Numerical computation libraries: numpy, scipy, ML libraries like sklearn, pytorc...

KeplerBoy · on Nov 3, 2021

Those teams still wouldn't switch because they wouldn't gain any performance from switching. After all CPython is just calling highly optimized, already compiled C, Fortran or Accelerator specific (CUDA, ROCm, TPU) code as far as they are concerned.

lumost · on Nov 3, 2021

many/most datascience processes end up slowing down when inevitably the data must move back to python or a python function must be invoked on some data.

A significant performance improvement in python would benefit many ds related tasks.

Filligree · on Nov 3, 2021

Very much this. Anyone who does machine learning will notice their CPU sitting at 100% of one core a significant fraction of the time.

Doesn't matter how fast a GPU you have; Python and the GIL is the bottleneck.

nerdponx · on Nov 5, 2021

This is very true, especially when pre-processing text and other unstructured data. It ends up being a lot of loops, string manipulation, and dict lookups.
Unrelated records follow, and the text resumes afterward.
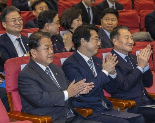 김병주 더불어민주당 의원(앞줄 왼쪽 첫 번째)이 12일 국회 의원회관에서 열린 한국·캐나다 방산 협력 확대를 위한 범정부 협업 방안 토론회에서 박수치고 있다. [연합] |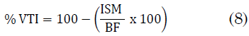 ⑩ El cálculo del índice de saturación se aplica antes y después del suministro del tratamiento químico con la finalidad de determinar si la adición del mismo ocasiona algún cambio representativo. Asimismo, se calcula un porcentaje de variación del LSI, para determinar cuantitativamente la diferencia experimentada por el índice posterior al tiempo designado. Los resultados se obtienen a través de (8):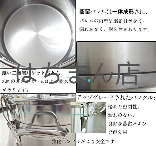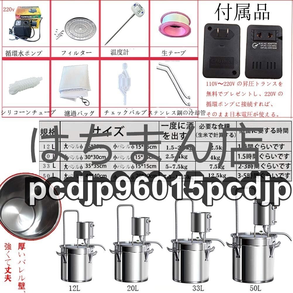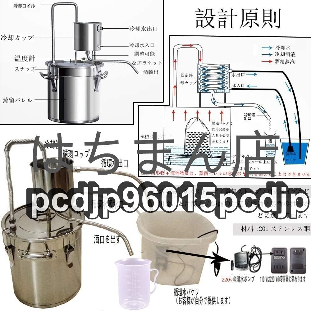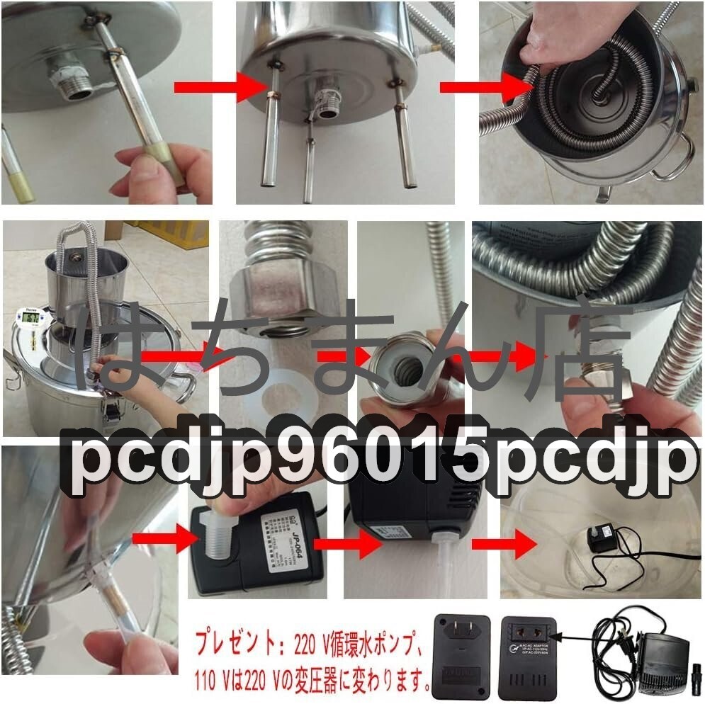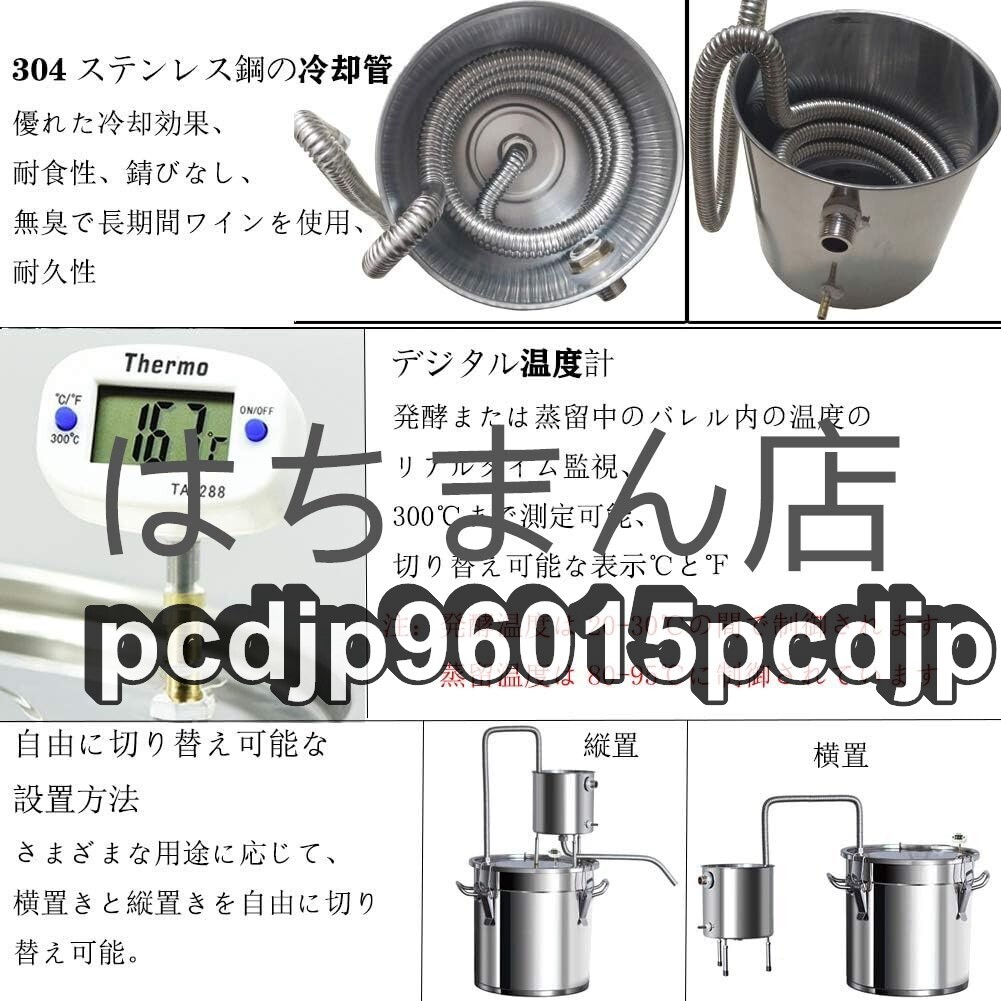 状態:新品未使用 材料:201ステンレス鋼、 美しいデザイン、耐久性、掃除が簡単、さびを防ぐ、耐食性。.せいしゅ、お酒の醸造、ブランデーの醸造、純露の生産、精油、芳香 の抽出などに適しています。 デジタル温度計付き:300℃まで測定可能で、 ℃との切り替えも可能です。注:発酵温度は20-30℃に制御され、蒸留温度は80-95℃に制御されます。 3種類の加熱方法:ガスストーブ/磁炉/直火タイプなど、便利で実用的です。厚いダブルボトムバケット:蒸留バレルの内壁は一体成形されており、バレルの内壁は漏れのないシームレスで耐久性に優れています、添付の3MMダブルボトムはより耐久性があります。 優れた冷却効果:304ステンレス鋼製の冷却コイル、錆のない、速い熱伝導、均一な熱、速い熱放散、ワインのより良い香り。付属品:110V~220V昇圧変圧器*1、220Vの循環水ポンプ*1,日本電圧を直接使用できます。 自由な組み合わせ:循環カップは移動できます。アプリケーションシナリオに応じて、酒蒸留器を水平または垂直に変更できます。家族、研究室、美容院、ホテル、学校などに適しています. ★商品写真はできる限り実物の色に近づけるよう努めておりますがご使用のPCモニター設定や部屋の照明により多少、色の変化が感じられる場合がございます
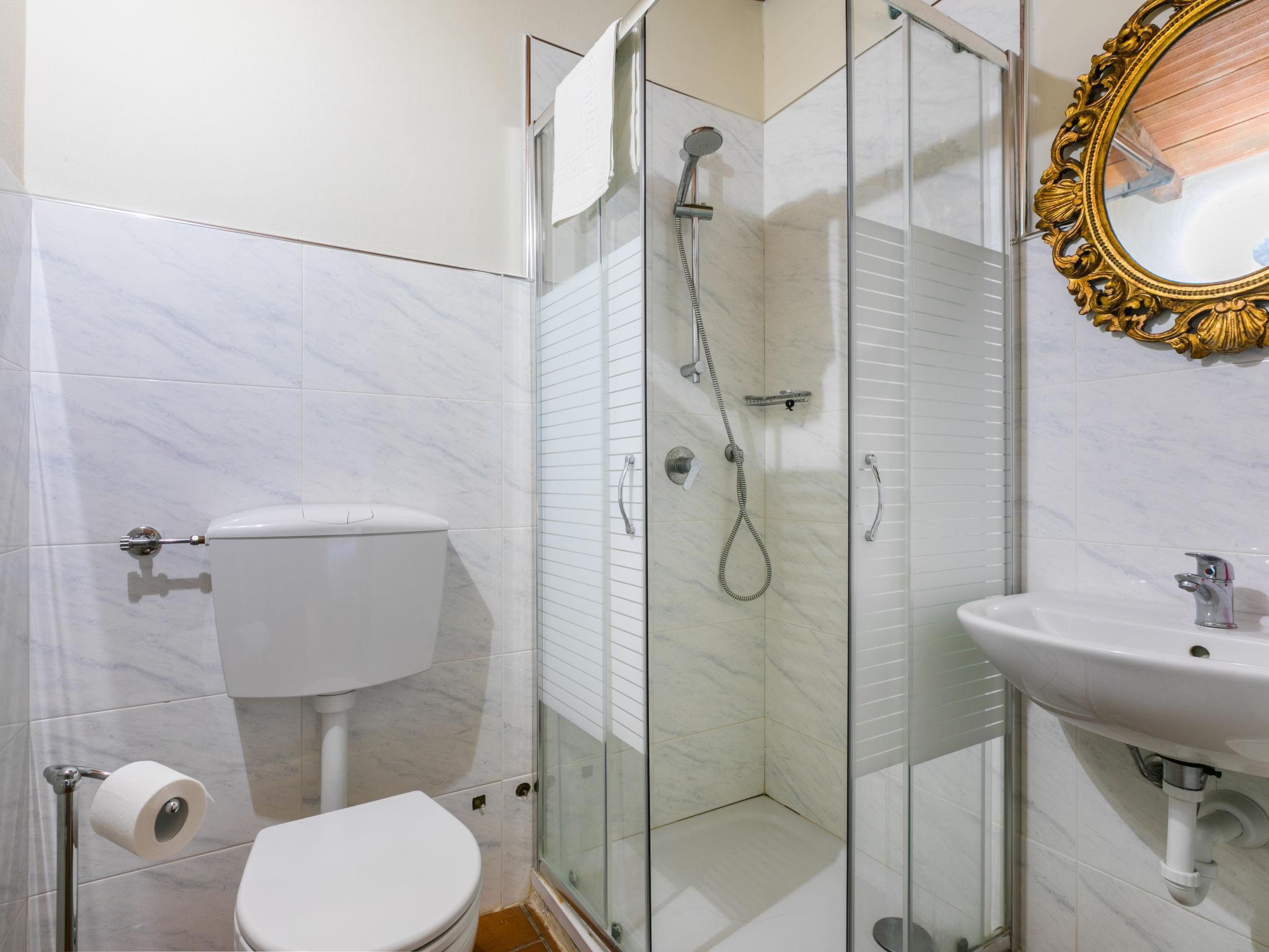 Greve in Chianti: Rustic on a vinyard agricultural estate "Valmontese", surrounded by meadows and vineyards. 3 apartments in the residence. 4 km from the centre of Greve in Chianti, in a secluded, sunny, elevated position, 100 km from the sea, in the countryside. For shared use: natural state property 5'000 m2 (fenced), plants and trees, swimming pool fenced (4 x 8 m, seasonal availability: 01.May. - 15.Oct.). Outdoor shower, patio, terrace, garden furniture, barbecue, pool maintenance by the owner/gardener. In the house: reception, WiFi. 1.5 km long bumpy motor access to the grounds. Parking at the house. Shop 4 km, grocery 4 km, supermarket 4 km, restaurant 2.5 km, bicycle rental 4 km, bus stop 2.5 km, railway station "Firenze" 26 km. Golf course (18 hole) 12 km, tennis 4 km, walking paths from the house 100 m. Nearby attractions: Firenze 26 km, San Gimignano 45 km, Siena 65 km. Please note: car recommended. Baby equipment (included). Local sale of farm products. Residence with electric gates. The owner lives on the same property. The owner has a dog. Animals in the neighbourhood. All houses/apartments are individually designed/furnished.

Fortunately, with a tool like DVC or even Make, you usually don't have to (or want to) put that code in the same script as the actual machine learning part. So you can theoretically run the former with PyPy and the latter with CPython, if you really need to maximize both.

agravier · on Nov 3, 2021

I would, I find that there are lots of data transformations and non-deep modelling happening in python still. E.g string processing, Json munching, business rules if-this-then-remove, etc.

nerdponx · on Nov 5, 2021

Having spent a lot of time on data science teams, rewriting hot sections of text processing code in Cython to obtain acceptable performance, I can tell you that I would have gladly switched away from CPython specifically for those tasks. If you're using Conda, it's almost trivial to have a PyPy environment alongside a CPython environment in the same project. You run the data processing scripts/notebooks with the former and the machine learning stuff with the latter.

But my post was more oriented towards non-data-science uses of Python, like writing an API server or a web crawler or a TUI application. I think the "serve a prediction from a PyTorch model" part threw off the conversation a bit!